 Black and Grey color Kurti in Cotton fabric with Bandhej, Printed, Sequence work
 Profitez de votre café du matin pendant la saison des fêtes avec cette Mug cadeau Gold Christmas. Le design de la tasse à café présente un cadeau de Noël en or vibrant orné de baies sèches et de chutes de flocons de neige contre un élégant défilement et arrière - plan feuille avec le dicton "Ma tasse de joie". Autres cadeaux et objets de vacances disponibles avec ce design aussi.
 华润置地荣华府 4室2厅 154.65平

..............................

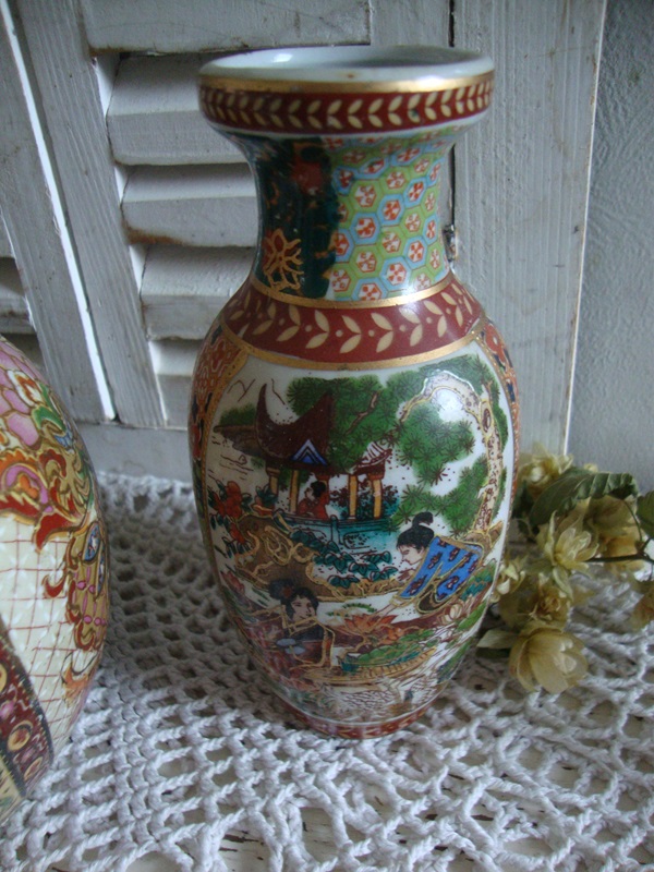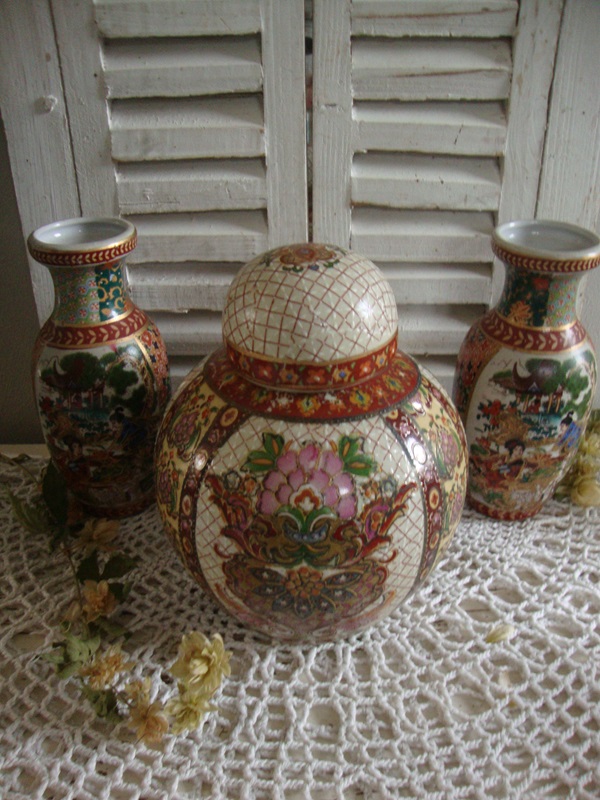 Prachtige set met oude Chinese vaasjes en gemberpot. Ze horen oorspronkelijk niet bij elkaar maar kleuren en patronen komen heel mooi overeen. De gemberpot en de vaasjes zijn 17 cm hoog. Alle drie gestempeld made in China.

..............................

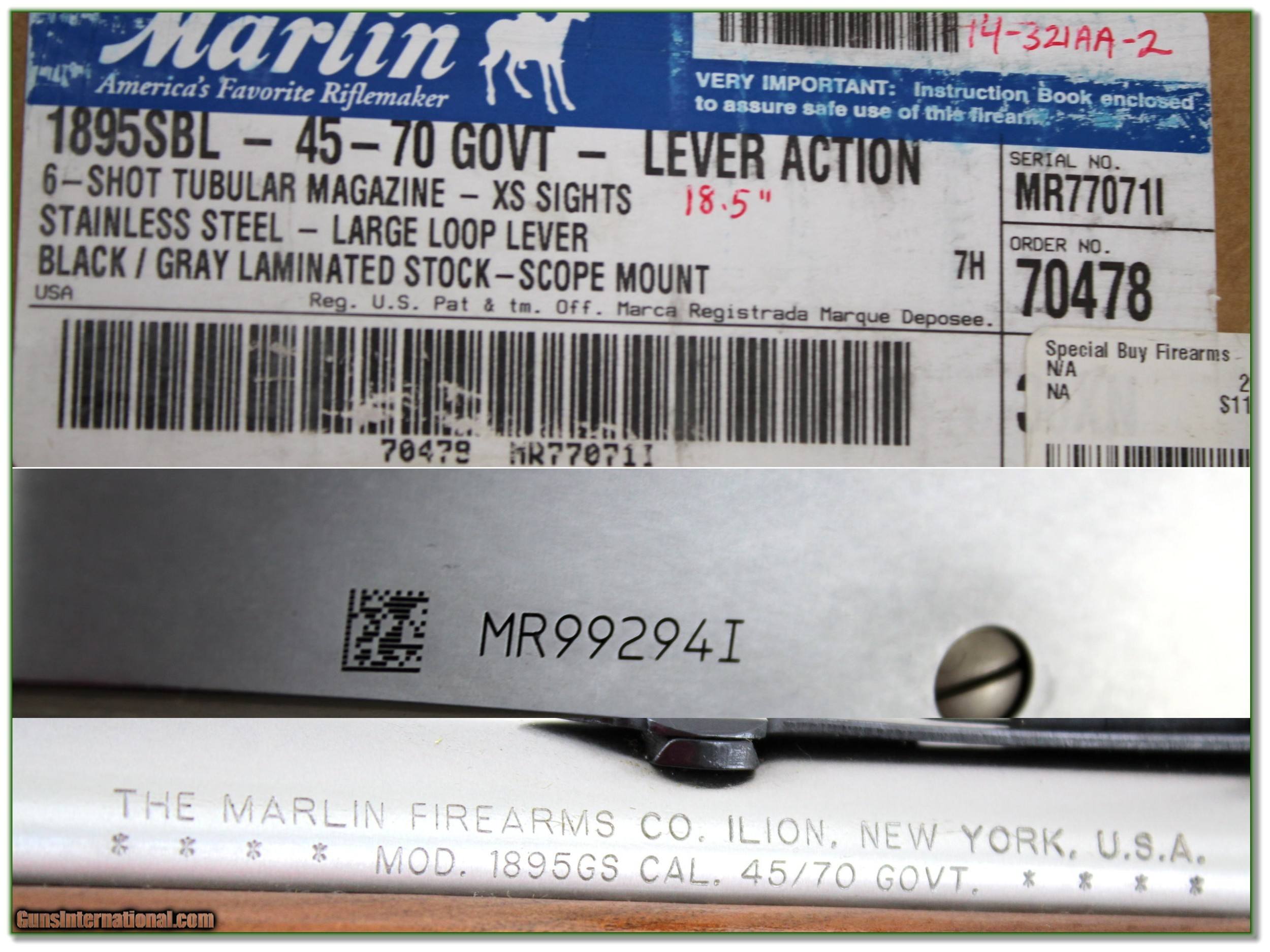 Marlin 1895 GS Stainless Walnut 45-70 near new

..............................

With the line that has "Black and Grey" as the first and the line that has "华润置地荣华府 4室2厅 154.65平" as the last, repeat exactly that run of lines above and no more.

**THE ANSWER**
 Black and Grey color Kurti in Cotton fabric with Bandhej, Printed, Sequence work
 Profitez de votre café du matin pendant la saison des fêtes avec cette Mug cadeau Gold Christmas. Le design de la tasse à café présente un cadeau de Noël en or vibrant orné de baies sèches et de chutes de flocons de neige contre un élégant défilement et arrière - plan feuille avec le dicton "Ma tasse de joie". Autres cadeaux et objets de vacances disponibles avec ce design aussi.
 华润置地荣华府 4室2厅 154.65平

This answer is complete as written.